Rogan is 7 months and weighs 82-85 pounds (scale jumps around a little because I'm carrying him, scale is accurate to my doctors) and 27.5" at the withers. He's about the same weight as my 6 yo GSD (80 pounds) but markedly taller. At 5 months old, he was 58 pounds iirc.

What I don't understand is he's about the same height and weight as your dog but still looks emaciated compared to yours. He''s still all legs. As some here know, I've had to feed him 2.5c X 3 feedings per day just to get him to not look like a concentration camp survivor. Only a week ago, I cut him back to 2.5 X2 per day feedings. When he fills out, he'll be a big boy, his paws are not just large but tall heavy pads.


----------



## Amshru (Aug 7, 2015)

WNGD said:


> Rogan is 7 months and weighs 82-85 pounds (scale jumps around a little because I'm carrying him, scale is accurate to my doctors) and 27.5" at the withers. He's about the same weight as my 6 yo GSD (80 pounds) but markedly taller. At 5 months old, he was 58 pounds iirc.
> 
> What I don't understand is he's about the same height and weight as your dog but still looks emaciated compared to yours. He''s still all legs. As some here know, I've had to feed him 2.5c X 3 feedings per day just to get him to not look like a concentration camp survivor. Only a week ago, I cut him back to 2.5 X2 per day feedings. When he fills out, he'll be a big boy, his paws are not just large but tall heavy pads.
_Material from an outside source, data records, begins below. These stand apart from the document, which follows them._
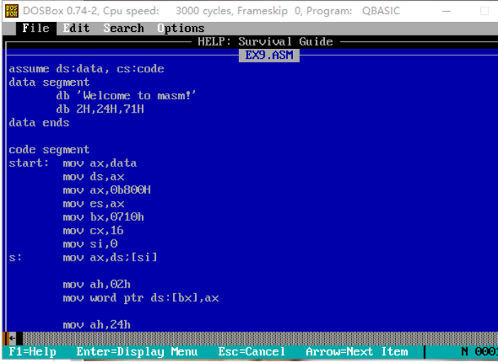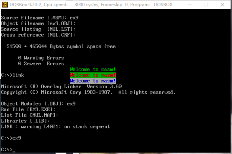 在屏幕中间分别显示绿色、绿底红色、白底蓝色的字符串’welcome to masm’。
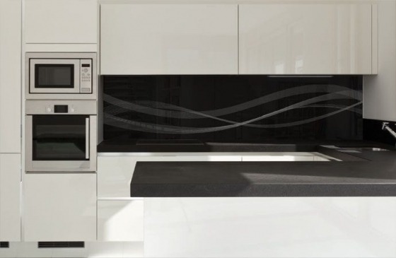 חיפוי קיר מזכוכית מודפסת שחורה עבור המטבח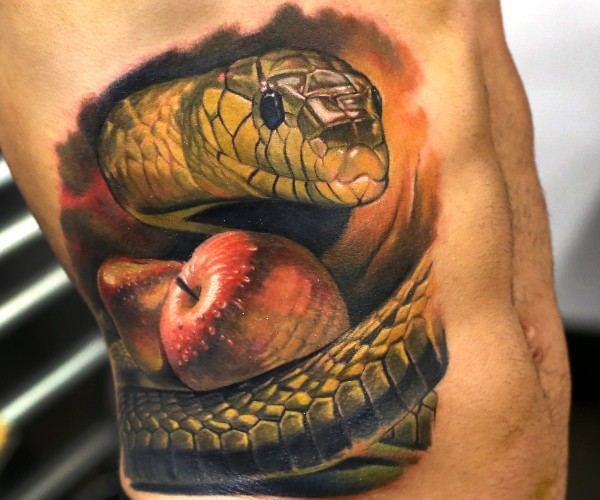 现实主义风格的彩色腰侧蛇纹身图案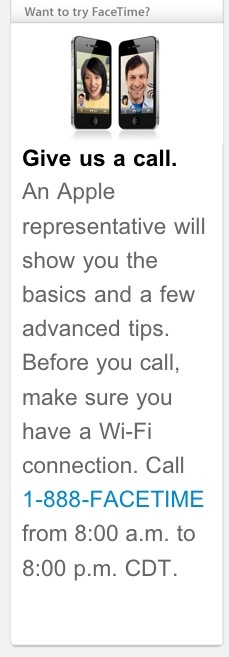Now, however, you can call 1-888-FACETIME (188832238463) and talk to an Apple rep live over Facetime. They’re available from 8am to 8pm CDT. I tried it. It actually works.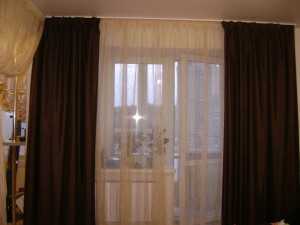 - Темные шторы коричневого оттенка делают помещение зрительно меньше, а потому в маленькой гостиной такие шторы также не вариант, особенно если они из плотной ткани.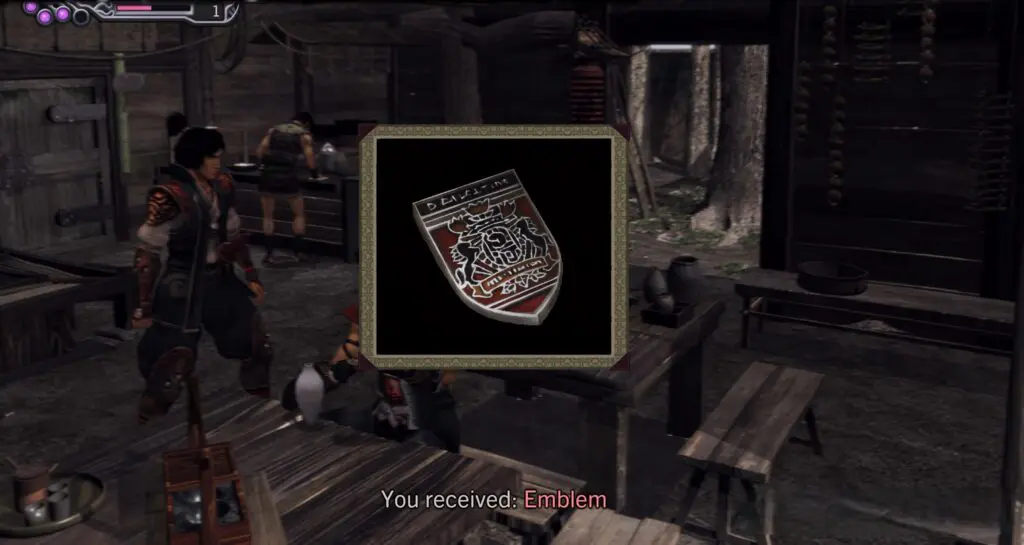 Take the “Tale of the Heike” to Magoichi. Hand it over, and he’ll give you the “Emblem” in exchange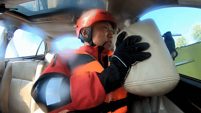 如果错过前面的逃生时机,别急,还有机会,车内人员可以等待水完全灌入车辆,车内外水压一致的那一刻,深吸一口气用力打开车门,如果车门还是打不开,尝试使用灭火器等重物猛砸,破窗几率更大,逃出后迅速游向水面寻求帮助。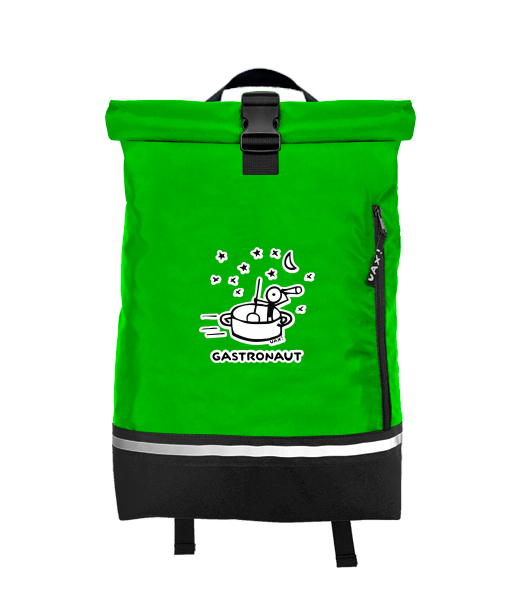 Original backpack ROLL-TOP SMALL with design 1058 GASTRONAUT in color BRIGHT GREEN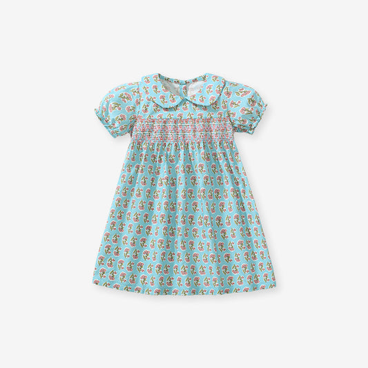 Baby Kids Girls Peter Pan Collar Floral Design Short Sleeves Dress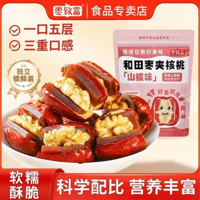 文文優選棗致富新疆和田棗夾核桃仁夾山楂獨立包裝紅棗夾心核桃仁休閒零食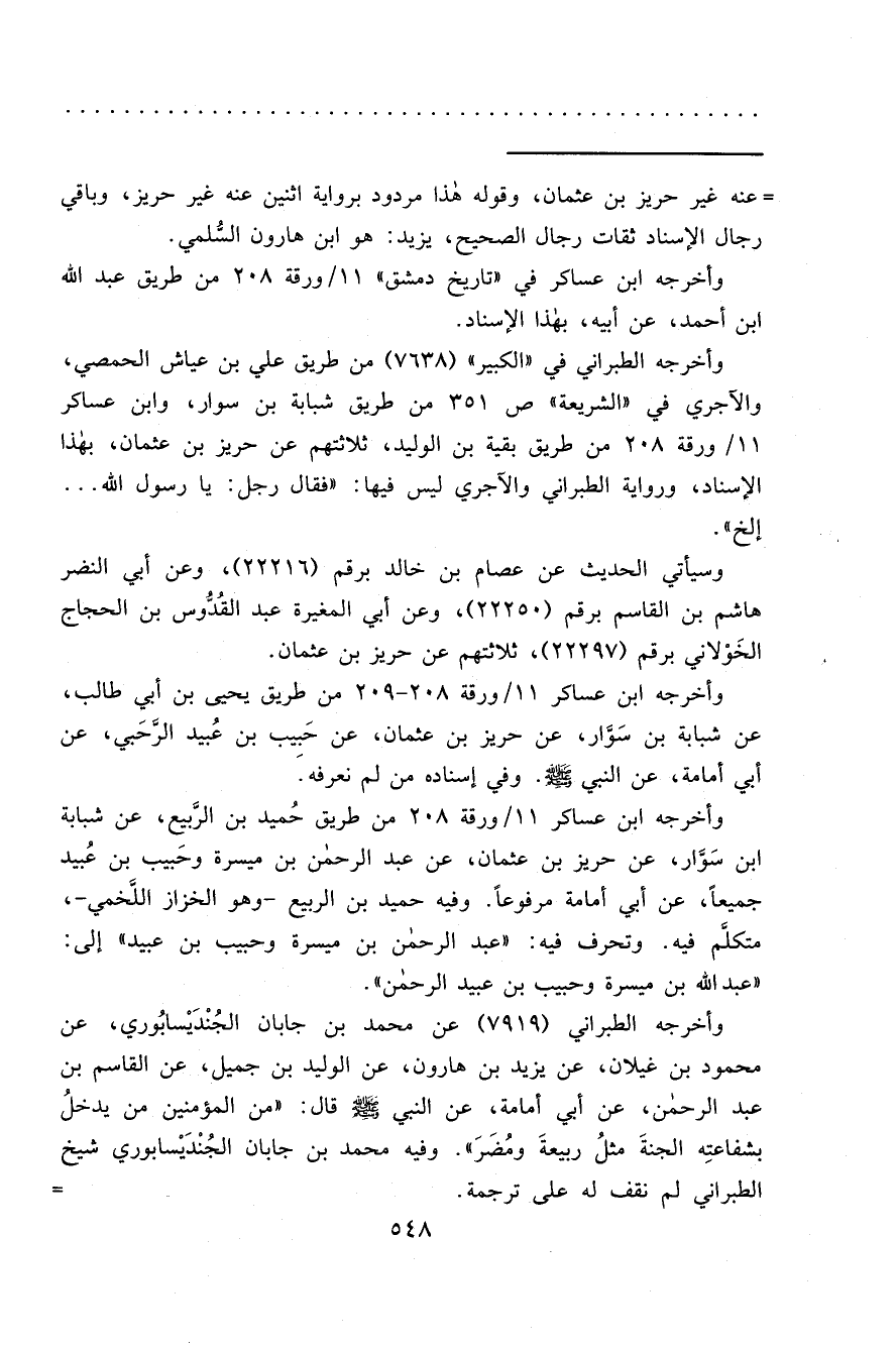 وأخرجه ابن عساكر ١١/ورقة ٢٠٨-٢٠٩ من طريق يحيى بن أبي طالب، عن شبابة بن سَوَّار، عن حريز بن عثمان، عن حَبِيب بن عُبيد الرَّحَبي، عن أبي أمامة، عن النبي صَلَّى اللهُ عَلَيْهِ وَسَلَّمَ. وفي إسناده من لم نعرفه.

What I've found with Clyde is that some weeks he can look quite chubby and then he suddenly gains legs, shoots up and looks really skinny again. It probably helps that I had a bitch first who really didn't like eating, whereas he does. Regardless, she's now a healthy 55lbs at 5 years of age and he's the same weight at 5 months, and will be a much bigger dog. Just make sure that they're healthy and active and the food seems to follow.


----------



## WNGD (Jan 15, 2005)

Rogan at 7 months is already taller, longer and heavier (82 lbs but super skinny) than my 6 year old male GSD


----------



## geo.ulrich (Jul 14, 2020)

Judah was 57# at 5 - 6 months at 3 years 6 months 120 # 29 " at withers


----------



## Samson&Marley (Jan 11, 2020)

Marley is now 9 and a half month old,
He weighs 86lbs and is just under 28 inches tall. So his growth has really slowed down the last couple of month thank god. Don’t think he’ll gain much more in height maybe half an inch to an inch.


----------



## K9SHOUSE (Jun 8, 2003)

Wrigley is almost 5 months. He weighs 60 lbs. Right now he and a brother are close. They have a sister who's the smallest and gaining on 30lbs.


----------